Input data:
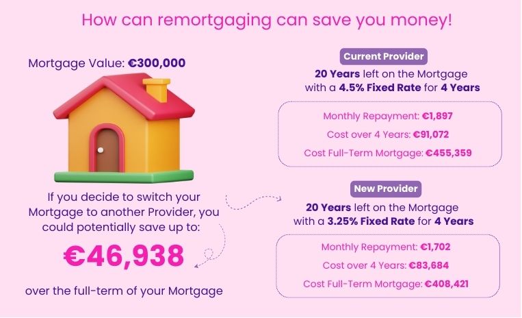 It means that you’ll stay in your existing home and use the equity you have in the property as security for the mortgage. You might want to raise some money for home improvements, debt consolidation, release equity, pay for education or other once off life events be they expected or unexpected, or simply avail of lower rates.
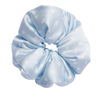 Poker Dot Mist Blue White Silk Scrunchie with Filling
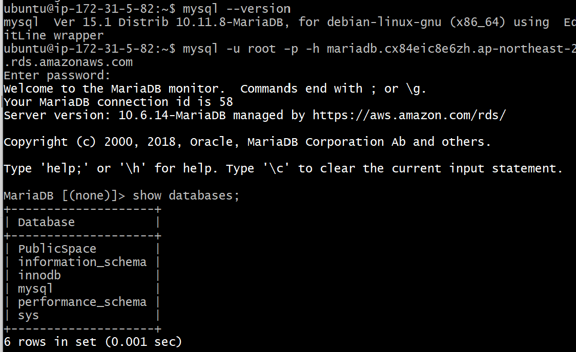 # 클라이언트가 잘 설치되었는지 확인 mysql --version # 접속 커맨드 mysql -u {유저명} -p -h {DB의 엔드포인트}
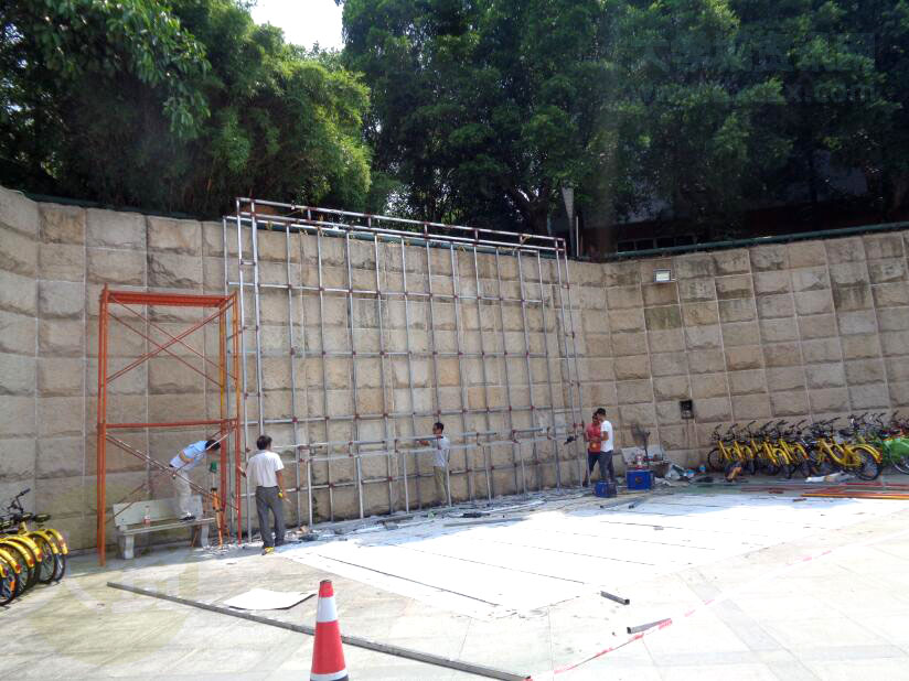 看样子有可能是一个大显示屏,或者一个舞台的背架?此处活动舞台似乎又小了点

Problem:
Output the material above exactly, without pictures.

Reply:
 It means that you’ll stay in your existing home and use the equity you have in the property as security for the mortgage. You might want to raise some money for home improvements, debt consolidation, release equity, pay for education or other once off life events be they expected or unexpected, or simply avail of lower rates.
 Poker Dot Mist Blue White Silk Scrunchie with Filling
 # 클라이언트가 잘 설치되었는지 확인 mysql --version # 접속 커맨드 mysql -u {유저명} -p -h {DB의 엔드포인트}
 看样子有可能是一个大显示屏,或者一个舞台的背架?此处活动舞台似乎又小了点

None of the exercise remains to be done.